As for Moss, who's best known for the TV series Mad Men but proved adeptly comic onstage in Speed-the-Plow in 2008, she's too empty of a cipher. She makes Heidi an observer in her own life story, a woman who hints at depth without being able to reveal it, and whose stated desires are often at odds with her actions. She's at her most vivid only at her most staid, in the lecture scenes that begin each act, when Heidi is dissecting the likes of Sofonisba Anguissola, Clara Peeters, and Lilla Cabot Perry, and is able to speak with the resolute authority of someone who knows she can't be bettered.

Heidi would benefit greatly from adopting that attitude throughout—or, really, any attitude beyond the bright indifference that characterizes the majority of Moss's performance. Above all else, you need to believe that Heidi believes in her crusade, that she's willing to make the enemies and take the risks that will let her blaze the trail before her. But Moss is bereft of fire, steam, spark, or any other variation of heat. Hers is not a Heidi who makes things happen.
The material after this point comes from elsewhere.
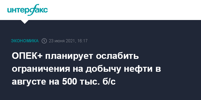 Москва. 23 июня. INTERFAX.RU - Страны ОПЕК+ обсуждают возможность ослабления ограничений на добычу нефти в августе на 500 тысяч баррелей в сутки (б/с), сообщает Dow Jones со ссылкой на источники.
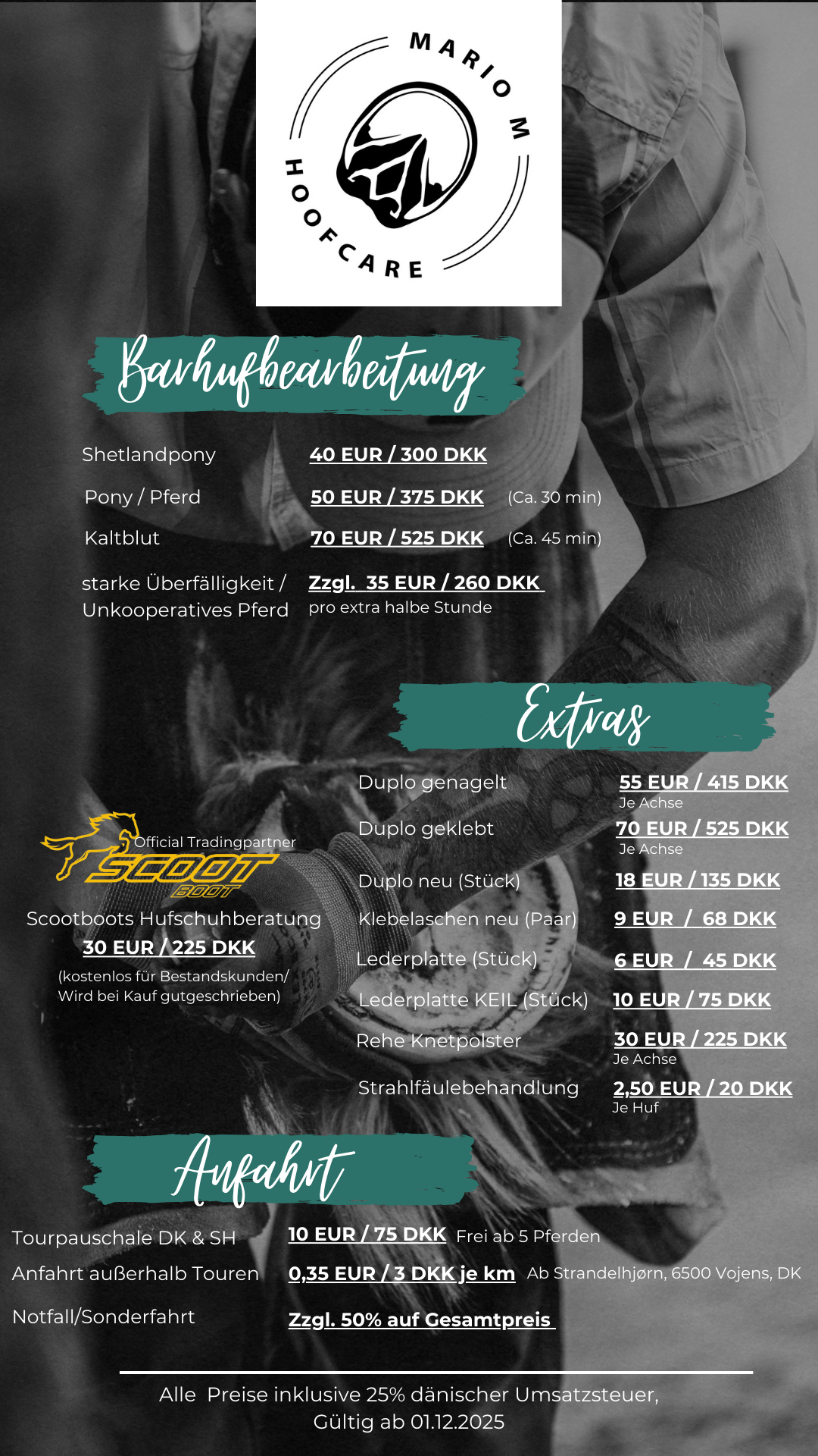 Dies garantiert all unseren Kunden nicht nur eine individuelle Hufbearbeitung mit Berücksichtigung der Biomechanik, sondern auch sinnvoll regelmäßige, zuverlässige Hufbearbeitung sowie eine sehr faire Preis/Leistung.

There is someone onstage who is. Though Tracee Chimo has minimal stage time, in a track on par with that of Bryan and Kibler, she maximizes every millisecond by creating, far and away, the most dynamic people onstage. The militant lesbian Fran is rough-edged but soft-centered, yet utterly convincing as both. As a terminally pregnant friend of Heidi's, she's a hoot with a darkly serious undercurrent. Her thousand-watt deadpan as TV host April finds every laugh her costars miss with their mugging, and then some. Even in her tiniest role, as a drive-by wedding guest, she displays a flair of personality that's to be found nowhere else here.

Chimo, as she's proven Off-Broadway in Circle Mirror Transformation, Bachelorette, and Bad Jews, always has a story to tell, and insists on telling it so big that it can't be ignored—but never bigger than it needs to be, and never without stealing the thunder from the actors around her. She's a true theatre treasure who gives this production what little gleam it has. There's not much she can do with the scant minutes she has onstage, but what she can do is marvelous, and a far better testament to the powers of women who won't say no and won't let go than anything else here in The Heidi Chronicles.